Many focus group participants also acknowledged the common stereotype of treating Asians as “forever foreigners.” Some immigrant participants said they felt exhausted from constantly being asked this question by people even when they speak perfect English with no accent. During the discussion, a Korean immigrant man recalled that someone had said to him, “You speak English well, but where are you from?” One Filipino participant shared her experience during the first six months in the U.S.:

“You know, I spoke English fine. But there were certain things that, you know, people constantly questioning you like, oh, where are you from? When did you come here? You know, just asking about your experience to the point where … you become fed up with it after a while.”

–Immigrant woman of Filipino origin in mid-30s

U.S.-born participants also talked about experiences when others asked where they are from. Many shared that they would not talk about their ethnic origin right away when answering such a question because it often led to misunderstandings and assumptions that they are immigrants.

“I always get that question of, you know, ‘Where are you from?’ and I’m like, ‘I’m from America.’ And then they’re like, ‘No. Where are you from-from ?’ and I’m like, ‘Yeah, my family is from Pakistan,’ so it’s like I always had like that dual identity even though it’s never attached to me because I am like, of Pakistani descent.”

–U.S.-born man of Pakistani origin in early 20s

One Korean woman born in the U.S. said that once people know she is Korean, they ask even more offensive questions such as “Are you from North or South Korea?” or “Do you still eat dogs?”

In a similar situation, this U.S.-born Indian woman shared her responses:

“I find that there’s a, ‘So but where are you from?’ Like even in professional settings when they feel comfortable enough to ask you. ‘So – so where are you from?’ ‘Oh, I was born in [names city], Colorado. Like at [the hospital], down the street.’ ‘No, but like where are you from?’ ‘My mother’s womb?’”

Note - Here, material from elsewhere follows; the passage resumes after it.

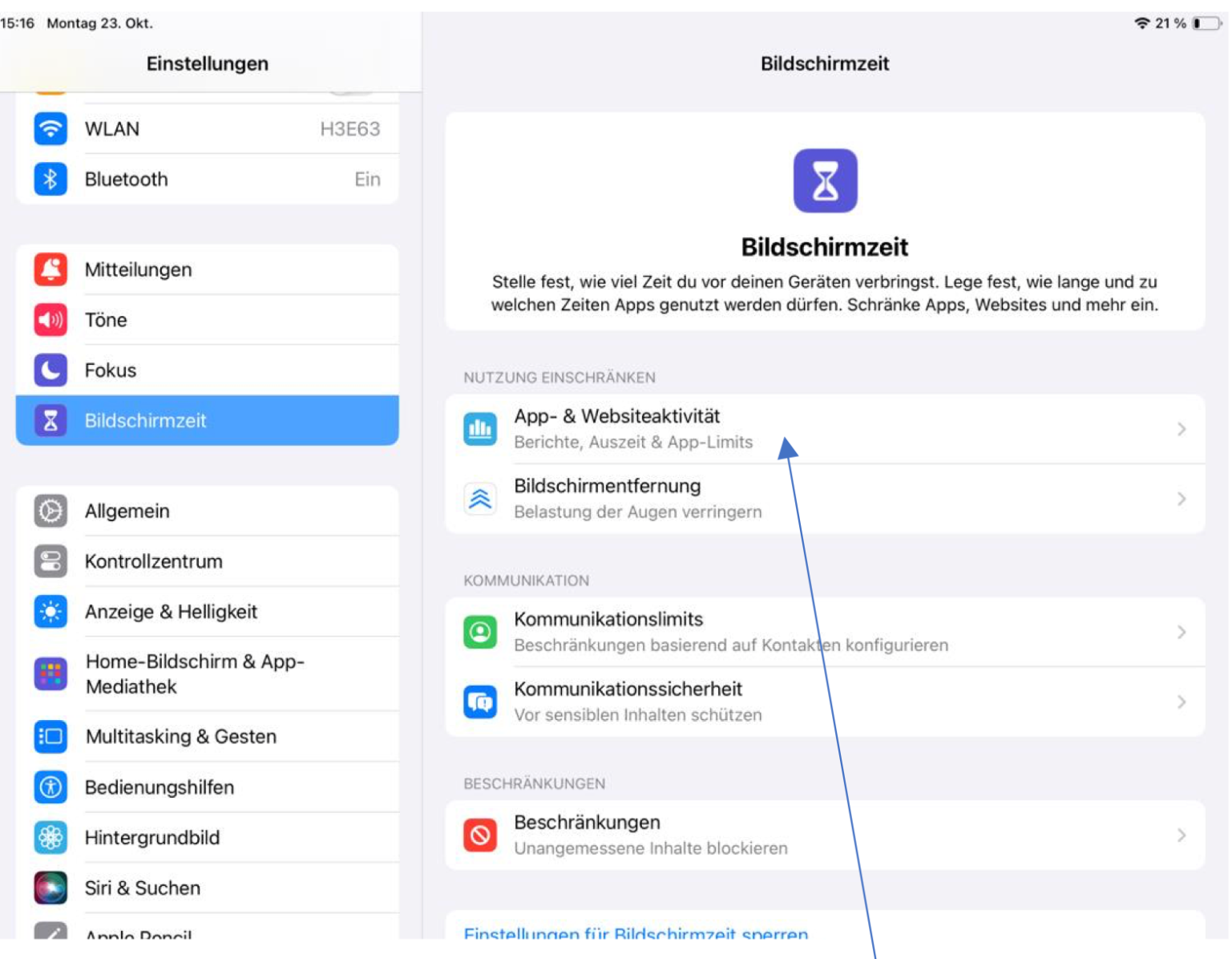 Eventuell müssen Sie zunächst unter "App- & Websiteaktivität" die Bildschirmzeit aktivieren.

–U.S.-born woman of Indian origin in early 40s

Ignorance and misinformation about Asian identity can lead to contentious encounters

growing up in america essay

“I have dealt with kids who just gave up on their Sikh identity, cut their hair and groomed their beard and everything. They just wanted to fit in and not have to deal with it, especially [those] who are victim or bullied in any incident.” Surinder , documentary participant

In some cases, ignorance and misinformation about Asians in the U.S. lead to inappropriate comments or questions and uncomfortable or dangerous situations. Participants shared their frustration when others asked about their country of origin, and they then had to explain their identity or correct misunderstandings or stereotypes about their background. At other times, some participants faced ignorant comments about their ethnicity, which sometimes led to more contentious encounters. For example, some Indian or Pakistani participants talked about the attacks or verbal abuse they experienced from others blaming them for the 9/11 terrorist attacks. Others discussed the racial slurs directed toward them since the COVID-19 pandemic in 2020. Some Japanese participants recalled their families losing everything and being incarcerated during World War II and the long-term effect it had on their lives.

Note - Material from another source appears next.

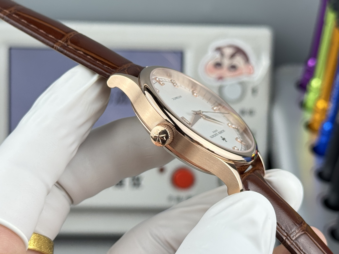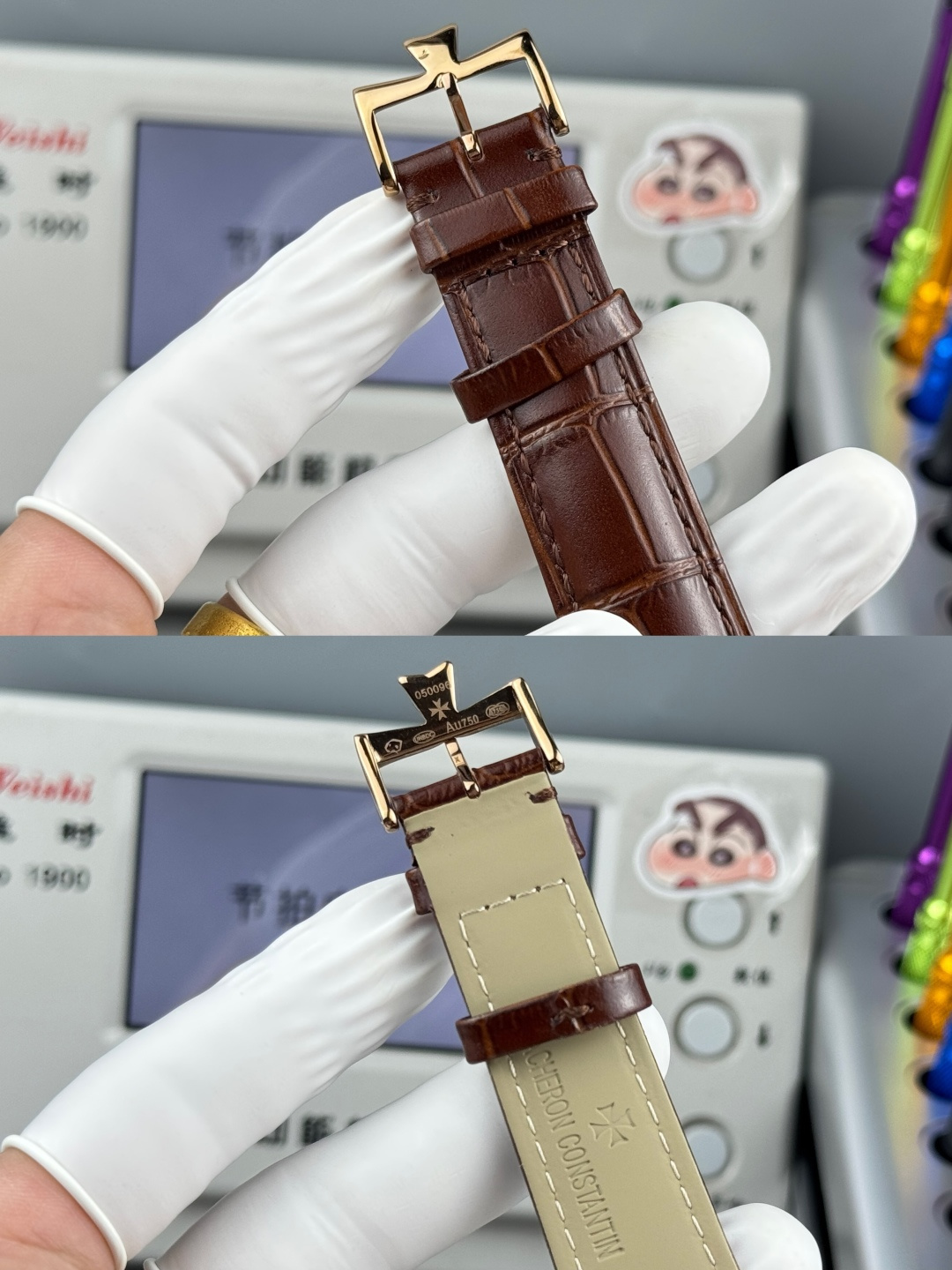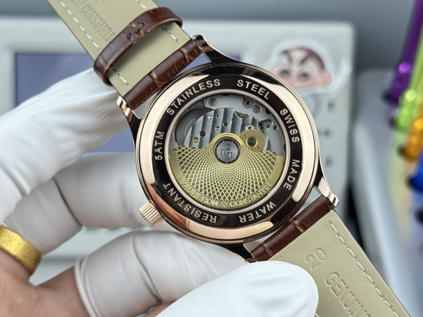 トラディショネルシリーズのすべての要素は、ヴァシュロン・コンスタンタンブランドに共通する高い職人技の基準を物語っています。時計ケースは耐久性と耐腐食性で知られる316Lステンレススチールで作られており、凸状のサファイアクリスタルガラスはブランドの透明性と耐久性へのこだわりを反映しています。イタリア製の本革を使用したストラップは、40mmのケースに調和し、様々な手首のサイズにクラシックな洗練をもたらします。特に、文字盤の表面の質感は非常に均一であり、これほどの職人技を再現できるブランドはほとんどありません。

“I think like right now with the coronavirus, I think we’re just Chinese, Chinese American, well, just Asian American or Asians in general, you’re just going through the same struggles right now. Like everyone is just blaming whoever looks Asian about the virus. You don’t feel safe.”

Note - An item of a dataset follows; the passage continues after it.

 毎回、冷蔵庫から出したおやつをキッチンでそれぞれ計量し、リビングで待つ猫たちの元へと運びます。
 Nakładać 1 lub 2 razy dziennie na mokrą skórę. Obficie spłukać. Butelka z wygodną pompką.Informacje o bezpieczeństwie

–U.S.-born man of Chinese origin in early 30s

“At the beginning of the pandemic, a friend and I went to celebrate her birthday at a club and like these guys just kept calling us COVID.”

–U.S.-born woman of Korean origin in early 20s

“There [were] a lot of instances after 9/11. One day, somebody put a poster about 9/11 [in front of] my business. He was wearing a gun. … On the poster, it was written ‘you Arabs, go back to your country.’ And then someone came inside. He pointed his gun at me and said ‘Go back to your country.’”

–Immigrant man of Pakistani origin in mid-60s

“[My parents went through the] internment camps during World War II. And my dad, he was in high school, so he was – they were building the camps and then he was put into the Santa Anita horse track place, the stables there. And then they were sent – all the Japanese Americans were sent to different camps, right, during World War II and – in California. Yeah, and they lost everything, yeah.”

–U.S.-born woman of Japanese origin in mid-60s

growing up in america essay

As focus group participants contemplated their identity during the discussions, many talked about their sense of belonging in America. Although some felt frustrated with people misunderstanding their ethnic heritage, they didn’t take a negative view of life in America. Instead, many participants – both immigrant and U.S. born – took pride in their unique cultural and ethnic backgrounds. In these discussions, people gave their own definitions of America as a place with a diverse set of cultures, with their ethnic heritage being a part of it.

Taking pride in their unique cultures

growing up in america essay

“Being a Pakistani American, I’m proud. … Because I work hard, and I make true my dreams from here.” Shahid , documentary participant

Despite the challenges of adapting to life in America for immigrant participants or of navigating their dual cultural identity for U.S.-born ones, focus group participants called America their home. And while participants talked about their identities in different ways – ethnic identity, racial (Asian) identity, and being American – they take pride in their unique cultures. Many also expressed a strong sense of responsibility to give back or support their community, sharing their cultural heritage with others on their own terms.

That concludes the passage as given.